A launcher is a separate point mass that sets the position and velocity of a particle model to those of the launcher at the model's start frame. If the launcher's position or velocity changes, the model's initial conditions are automatically updated. Note: if the launcher's position is not defined at the model's start frame, it has no effect. If the launcher's position is defined but not its velocity, then only the model's position is set.

There are at least 3 ways to use launchers:

1. A launcher can be a previously marked point mass that tracks a video object of interest. The model runs in parallel with the marked track (starting from the model's start frame) for easy comparison.
2. A launcher can be a new point mass used for control purposes only. Mark the launcher point mass at (a) the desired start frame and (b) 1 step before and after the start frame. The launcher's start frame step controls the model's initial position while the other 2 steps control the model's initial speed and angle.
3. A launcher can be another particle model. This enables 2 (or more) different models to effectively link together and behave as one. For example, a model of a skydiver in freefall could launch a second model of the skydiver with a parachute.

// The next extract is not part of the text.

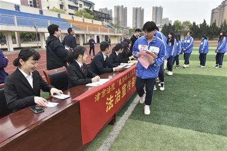 活动中,津市法院干警以新修订的未成年人保护法与预防未成年人犯罪法为主要内容对学生和家长进行普法宣传。
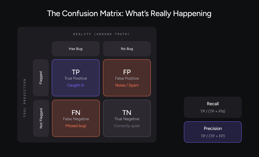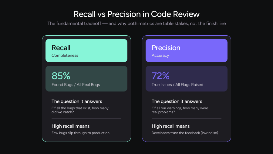 Recall and precision are table stakes. Yes, you need to know whether a tool catches bugs (recall) and whether its suggestions are accurate (precision). But these metrics alone miss critical aspects of the developer experience.

To define a launcher for a dynamic particle model, select it from the dropdown Launcher list in the model builder as shown in Fig. 6. The model's initial conditions are automatically updated to match the motion of the launcher at the model's start frame.   ### 4. Stamping a point mass

The positions of a model's steps (on the video image) are determined by (a) the model expressions, parameters and/or data and (b) the origin, tilt and scale of the coordinate system. This means if you change the axes or the calibration of the video the steps will move. But sometimes it is useful to have the steps behave like a standard point mass: stay fixed on the image so when you change the coordinate system the steps don't move but instead the world data changes. Creating a point mass that clones a model is called stamping a point mass.

To stamp a point mass from a model, choose the Stamp Point Mass menu item from the model's track menu. For an External Model, the Stamp Point Mass item is in the Points submenus. The stamped point mass is given the name of the model plus "stampX" where X is a number. A single model may stamp multiple point masses with varying parameters for comparison or editing.